Hayatında en az bir kez aşık olmuşların katılabileceği ‘Aşıklar İçin Felsefe’ katılımcılarını bekliyor.
Hayatında en az bir kez aşık olmuşların katılabileceği ‘Aşıklar İçin Felsefe’ etkinliği deneyimin yetmediği, her seferinde acemisi olunan aşk üzerine...
Aşk gibi benzersiz bir konuyu felsefe ile konuşmak, sorular sormak için Opus Noesis tarafından 10 Haziran Cumartesi günü düzenleniyor. Etkinlikte, uygulamalı felsefenin bir türü olan felsefi danışmanlık metodolojisiyle aşka dair sorular üretilir. Kavramlara, sorulara, sorunlara Sokratik Konuşmalar ışığında açıklık getirilmeye çalışılır. Aşk'ı felsefi danışmanlığım metodolojisiyle disiplinler üstü bir perspektifle biraz da haddini bilmez bir cüretkârlıkla ele almaktan ziyade ona bakmayı göze alan bir pencere aralanır.

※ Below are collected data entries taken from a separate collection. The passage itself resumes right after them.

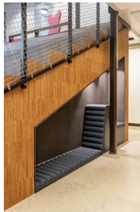
Et plassbygget møbel i to høyder utnytter plassen under amfiet i kulturrommet, og skaper en hule hvor man kan gjemme seg litt unna, med den nye favorittboka eller et spill. Sitteplasser i flere høyder gjør at man kan være flere sammen, uten å forstyrre hverandre.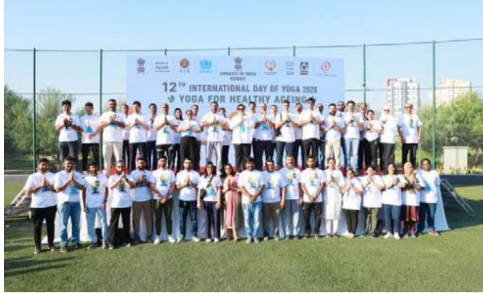
السفيرة الهندية متوسطة المنظمين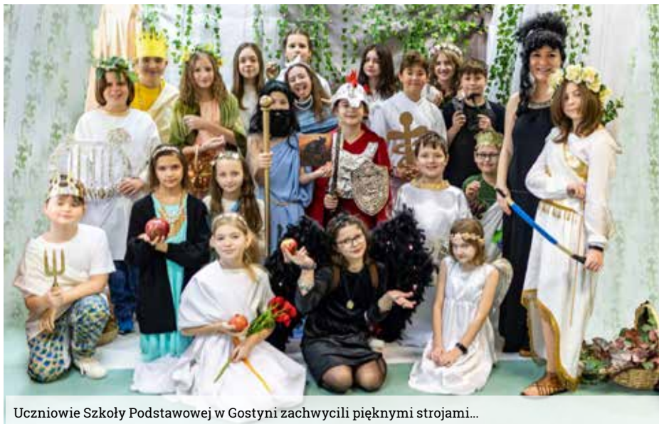
Uczniowie Szkoły Podstawowej w Gostyni zachwycili pięknymi strojami...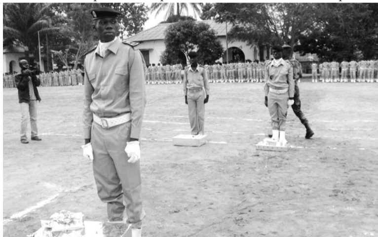
La cérémonie de fin d'année à l'école Général-Leclerc.

Notons que cette année, l'école militaire préparatoire Général-Leclerc a organisé plusieurs activités sportives culturelles. Les élèves ont bénéficié de l'instruction militaire, et les indisciplinés ont été remis à la disposition de leurs parents. Au total, cinquante avertissements écrits ont été infligés cette année contre 67 l'année dernière pour incivisme corporel. Trois élèves de la classe de terminale ont été remis à leurs parents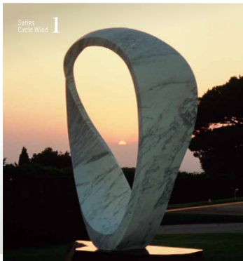
パチカン ローマ法王公邸 永久設置 風の環 PAX2000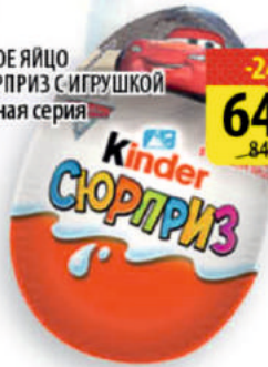
ШОКОЛАДНОЕ ЯЙЦО КИНДЕР СЮРПРИЗ С ИГРУШКОЙ Лицензионная серия

Tıpkı binlerce yıl önceki türdeşlerimiz gibi ‘ilkel' sevişiyoruz. Ruhumuz hep aynı yaşta. Sevgi, ihtiyacını duyduğumuz en temel duygu; hatta güvenden de temel. İnsan, kendini güvende hissetmediği bir yerde, zor olsa da, yaşayabiliyorken sevgisiz yaşayamıyor. Aşk, tenselliği içeren, fiziği aşan manevi bir olgu. Mutluluk, Aristotelesçe söylenirse “kendisi amaç olan şey”dir. Aşk, mutluluğun belki de tacı; her şeyi tamamlayan o ‘küçük” ayrıntı. İnsanın çağırabileceği, dilediği zaman olabileceği ya da bulabileceği bir şey değil; metaforik bir ifadeyle belki de “kedice” bir olgu.

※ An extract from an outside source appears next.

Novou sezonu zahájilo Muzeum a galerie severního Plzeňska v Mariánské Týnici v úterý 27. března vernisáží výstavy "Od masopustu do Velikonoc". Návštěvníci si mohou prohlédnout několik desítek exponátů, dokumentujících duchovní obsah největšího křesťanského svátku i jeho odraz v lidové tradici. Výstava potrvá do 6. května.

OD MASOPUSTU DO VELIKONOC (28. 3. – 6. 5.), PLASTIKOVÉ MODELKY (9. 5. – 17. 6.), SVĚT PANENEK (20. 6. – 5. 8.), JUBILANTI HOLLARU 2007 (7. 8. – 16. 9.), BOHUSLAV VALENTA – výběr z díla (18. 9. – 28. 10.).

İnsan, onsuz hep yarım; onunlaysa aklını kaybeden bir meczup, divane… Yaşaması müthiş bir derecede tatlı bir acı ya da tadı mutluluk veren bir acı. Dilimiz, böylesi uhrevi bir olguyu tarif etmekte hep kifayetsizdir. O nedenle bilimi yapılamaz; o, yaşanır ve en çok da sanatlarda ifadesini bulur. Akıldan ziyade gönülde(n)dir. İstikameti belirsizdir. Gönlüne göre hareket eder. O nedenle de öngörülemez. Boyun eğmezliği bundandır aynı zamanda. Akıl, bir değişken olarak yanı başımızdadır. Aşk söz konusu olduğunda akla düşen yalnızca izlemektir. Ahlakçılığı, izleyiciliği içine sindirememesindendir belki de.
Akılla, akla “izleyici” statüsü bile vermeyen aşkı anlamak iddiasında değildir çalışma; yalnızca ona baktığımız yerleri sorgulamak, bakarken gözlerimize taktığımız gözlükleri çıkarıp yüzleşmeye, anlamaya, yaşamaya davettir, yargılamaya değil.